Ko Roppa (the hard-line six parties) (硬六派)
The Ko Roppa (the hard-line six parties) was a pro-nationalistic federation of six political parties that advocated a strong foreign policy in 1890s. Ko Roppa was an abbreviation of "Taigai Ko Roppa" (six hard-line foreign policies factions).
Nationalists were critical of the idea of the Meiji Government promoting step-by-step revisions to the treaties. They developed a strong partnership as they led the opposition movement against the government's policy of allowing non-Japanese to live anywhere in Japan, and Iwane ABEI, Tomofusa SASSA, Tomotsune KOMUCHI and some other activists formed the Dai Nihon Kyokai (Great Japan Association) in 1893. They insisted that the allied western powers abolish the unequal treaties immediately, otherwise Japan would abide by the basic principles, stated in the Ansei Treaties, to prohibit foreign residents from living outside foreign settlements and to restrict trading activities. They advocated that Japan should urge the western powers that either those countries accept new equal treaties or Japan would break off diplomatic relations. The Dai Nihon Kyokai was a nonpartisan organization consisting of members from different political parties, including representatives such as Sassa, who also belonged to the Kokumin Kyokai (National Association), and some councilors belonging exclusively to the Dai Nihon Kyokai.

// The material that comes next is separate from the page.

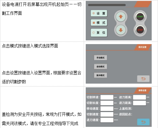2. 切割长度:在自动&脉冲模式下,设定切割片Y向前进距离(0-220mm可调)

The Toyo Jiyuto (Oriental Liberal Party), the Domei Club (Alliance Club), the Rikken Kaishinto (Constitutional Progressive Party), the Kokumin Kyokai, and the Policy Affairs Research Council of the five parties of the Meiji period, promised to bond together to fight in response to the Dai Nihon Kyokai's campaign, chanting slogans such as "protesting the Anglo-Japanese Treaty of Commerce and Navigation" and "wage a early war against Qing." These five parties and a group of councilors who belonged exclusively to the Dai Nihon Kyokai were regarded as the "Taigai Ko Roppa" (six hard-line foreign policies faction) or the "Ko Roppa" for short. There were conflicts between the "Minto" (People's Party) representing the Jiyuto (Liberal Party) in Meiji period and the Rikken Kaishinto supporting the Freedom and People's Rights Movement, and the "Rito" (Bureaucrats' Party) representing the Kokumin Kyokai after the constitution of the Imperial Diet opposed it. Therefore, this was the first broad-based coalition of Minto and Rito parties.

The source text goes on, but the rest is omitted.